[Work order]
The reply should contain every entry exactly as given, with no pictures in it.

[Source data]
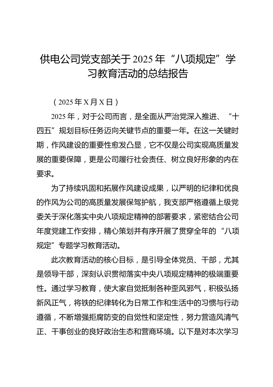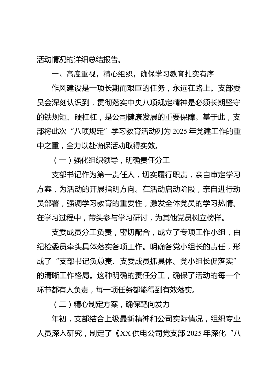 供電公司黨支部2025年八項規(guī)定學(xué)習(xí)教育工作總結(jié)
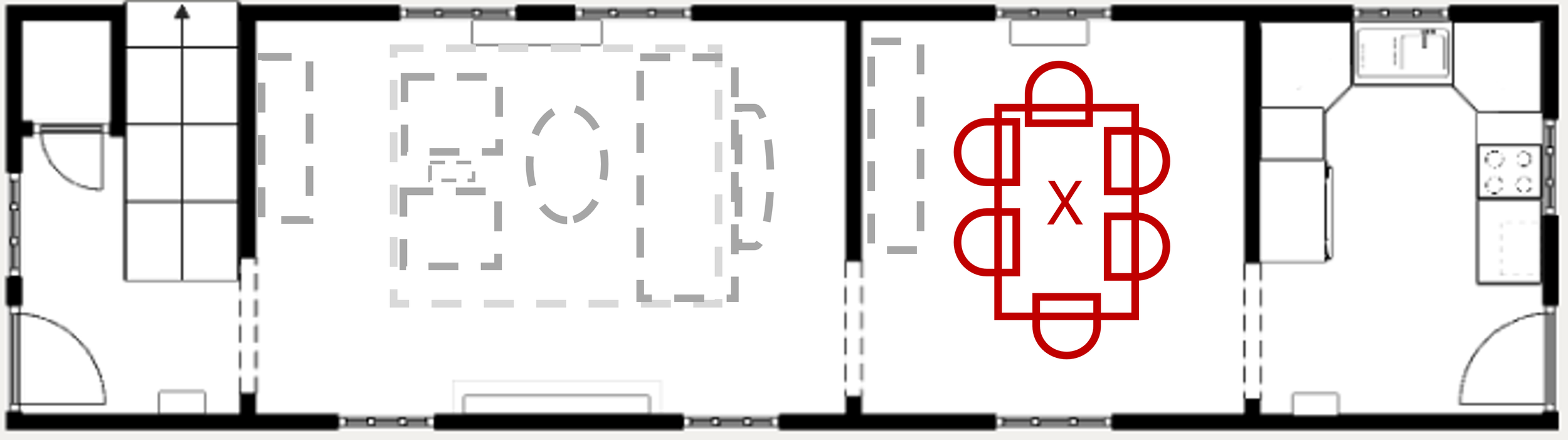 For this room, the doorways form the living room and to the kitchen are parallel, so we’re back to nothing can be placed on that wall.
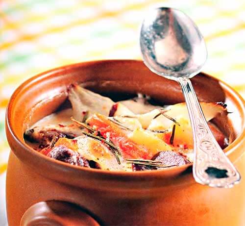 Разлейтесь по горшочкам с мясом и прогрейте в разогретой до 200 о С духовке 10 минут.
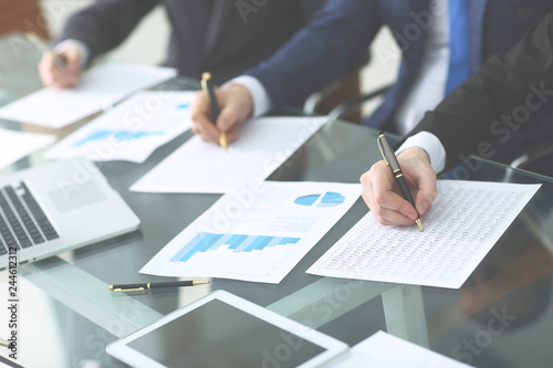 Audit concept at working with plan and analyzing investment charts at workplace
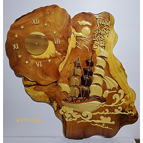 Tranh gỗ ghép nghệ thuật - Thuận Buồm Xuôi Gió Chất liệu gỗ Hương thuộc dòng gỗ quý án máy đồng hồ chạy kim trôi Kích thước 65*70cm
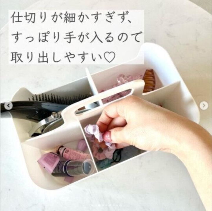 いろいろなものを入れることができる「ハコブNインボックス」。ブラシやこまかいヘアアクセサリーを入れるのにも便利です。仕切りのサイズもちょうどよく、手がすっぽり入るので取り出しやすいそう。持ち運ぶのにも便利ですね!
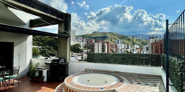Se vende Penthouse Duplex al oeste de la ciudad de Cali, barrio Santa Teresita, 266 m² de área construida, dos terrazas que suman 70 m² adicionales, 1re piso con Sala, comedor, cocina integral con cuarto de servicio y baño, baño social, 2 habitaciones, baño de habitaciones, Sala de TV y estudio. 2do piso con estudio, sala de estar, terraza con Jacuzzy, zona BBQ, cuarto principal con baño, dos vestier y terraza. El apartamento tiene espectacular vista, amplios espacios, excelente distribución y 3 garajes. El edificio cuenta con salón social, piscina, baño turco, sauna, área de juegos, dos ascensores y vigilancia 24/7. Valor venta $1.400.000.000 valor administración $1.700.000
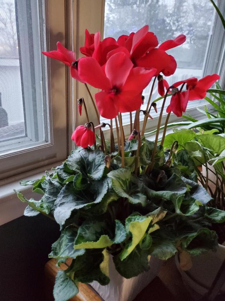 Okay, so I do not have a big green thumb. That happens when you only get to live someplace for 3 years at a time. However, we have a ton of plants in our house. When I first had my two cancer surgeries 6.5 years ago, I got a plant from Ed & Wanda Oslica….a pink Cyclamen (or as I call them, inside-out flowers). I managed to keep that plant alive and happy for 6 years. It grew so big that Rich replanted it. It didn’t survive the repotting, unfortunately. It totally broke my heart. When I had my surgery last November, the Oslicas again gave me a plant of Cyclamen….this time white. It was so pretty! However, it all of a sudden didn’t do well and then as Rich tried to revive it and it got overwatered. It is in a sad state right now and I am still hopeful it may revive itself. I was totally gutted though…I had these plants that brought me such joy as they would bloom all the time…especially during the winter months. When Lily and I were at Mulhall’s they had tons of these potted plants in all sorts of colors I had never seen. I was so very tempted to buy one for myself but I told Lily it wouldn’t be the same…as those flowers meant something special to me being from a good friend who was wishing me well. They are my “you can do this and get better” flowers. So I passed on buying some for myself.
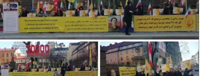 تظاهرات ایرانیان آزاده و بستگان شهیدان سربهدار در سوئد همزمان با دادگاه دژخیم حمید نوری در ۲۲ بهمن سالگرد انقلاب ضدسلطنتی
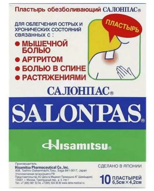 Салонпас — это обезболивающие, противовоспалительные пластыри с длительным сроком действия. Пластыри выпускается японской компанией «Хисамицу», уже много лет являющейся одним из мировых лидеров в области разработки и производства противовоспалительных средств и препаратов.
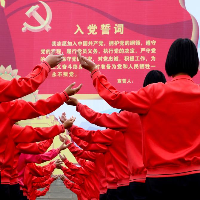 許多人對(duì)華坪女子高中的“紅色教育”印象深刻:女孩子們身著鮮紅的校服留著齊耳短發(fā),課間操大聲唱《萬(wàn)疆》跳改編版的“南泥灣”;每周一隆重?zé)崃业纳靸x式上重溫入黨誓詞,在“共產(chǎn)黨人頂天立地”的標(biāo)語(yǔ)下,進(jìn)行震撼人心的革命傳統(tǒng)教育;孩子們呼喊最多的口號(hào),除了“加油上清華,加油上北大”,就是“感黨恩、聽黨話,做黨的好女兒”……

[Result]
 供電公司黨支部2025年八項規(guī)定學(xué)習(xí)教育工作總結(jié)
 For this room, the doorways form the living room and to the kitchen are parallel, so we’re back to nothing can be placed on that wall.
 Разлейтесь по горшочкам с мясом и прогрейте в разогретой до 200 о С духовке 10 минут.
 Audit concept at working with plan and analyzing investment charts at workplace
 Tranh gỗ ghép nghệ thuật - Thuận Buồm Xuôi Gió Chất liệu gỗ Hương thuộc dòng gỗ quý án máy đồng hồ chạy kim trôi Kích thước 65*70cm
 いろいろなものを入れることができる「ハコブNインボックス」。ブラシやこまかいヘアアクセサリーを入れるのにも便利です。仕切りのサイズもちょうどよく、手がすっぽり入るので取り出しやすいそう。持ち運ぶのにも便利ですね!
Se vende Penthouse Duplex al oeste de la ciudad de Cali, barrio Santa Teresita, 266 m² de área construida, dos terrazas que suman 70 m² adicionales, 1re piso con Sala, comedor, cocina integral con cuarto de servicio y baño, baño social, 2 habitaciones, baño de habitaciones, Sala de TV y estudio. 2do piso con estudio, sala de estar, terraza con Jacuzzy, zona BBQ, cuarto principal con baño, dos vestier y terraza. El apartamento tiene espectacular vista, amplios espacios, excelente distribución y 3 garajes. El edificio cuenta con salón social, piscina, baño turco, sauna, área de juegos, dos ascensores y vigilancia 24/7. Valor venta $1.400.000.000 valor administración $1.700.000
 Okay, so I do not have a big green thumb. That happens when you only get to live someplace for 3 years at a time. However, we have a ton of plants in our house. When I first had my two cancer surgeries 6.5 years ago, I got a plant from Ed & Wanda Oslica….a pink Cyclamen (or as I call them, inside-out flowers). I managed to keep that plant alive and happy for 6 years. It grew so big that Rich replanted it. It didn’t survive the repotting, unfortunately. It totally broke my heart. When I had my surgery last November, the Oslicas again gave me a plant of Cyclamen….this time white. It was so pretty! However, it all of a sudden didn’t do well and then as Rich tried to revive it and it got overwatered. It is in a sad state right now and I am still hopeful it may revive itself. I was totally gutted though…I had these plants that brought me such joy as they would bloom all the time…especially during the winter months. When Lily and I were at Mulhall’s they had tons of these potted plants in all sorts of colors I had never seen. I was so very tempted to buy one for myself but I told Lily it wouldn’t be the same…as those flowers meant something special to me being from a good friend who was wishing me well. They are my “you can do this and get better” flowers. So I passed on buying some for myself.
 تظاهرات ایرانیان آزاده و بستگان شهیدان سربهدار در سوئد همزمان با دادگاه دژخیم حمید نوری در ۲۲ بهمن سالگرد انقلاب ضدسلطنتی
 Салонпас — это обезболивающие, противовоспалительные пластыри с длительным сроком действия. Пластыри выпускается японской компанией «Хисамицу», уже много лет являющейся одним из мировых лидеров в области разработки и производства противовоспалительных средств и препаратов.
 許多人對(duì)華坪女子高中的“紅色教育”印象深刻:女孩子們身著鮮紅的校服留著齊耳短發(fā),課間操大聲唱《萬(wàn)疆》跳改編版的“南泥灣”;每周一隆重?zé)崃业纳靸x式上重溫入黨誓詞,在“共產(chǎn)黨人頂天立地”的標(biāo)語(yǔ)下,進(jìn)行震撼人心的革命傳統(tǒng)教育;孩子們呼喊最多的口號(hào),除了“加油上清華,加油上北大”,就是“感黨恩、聽黨話,做黨的好女兒”……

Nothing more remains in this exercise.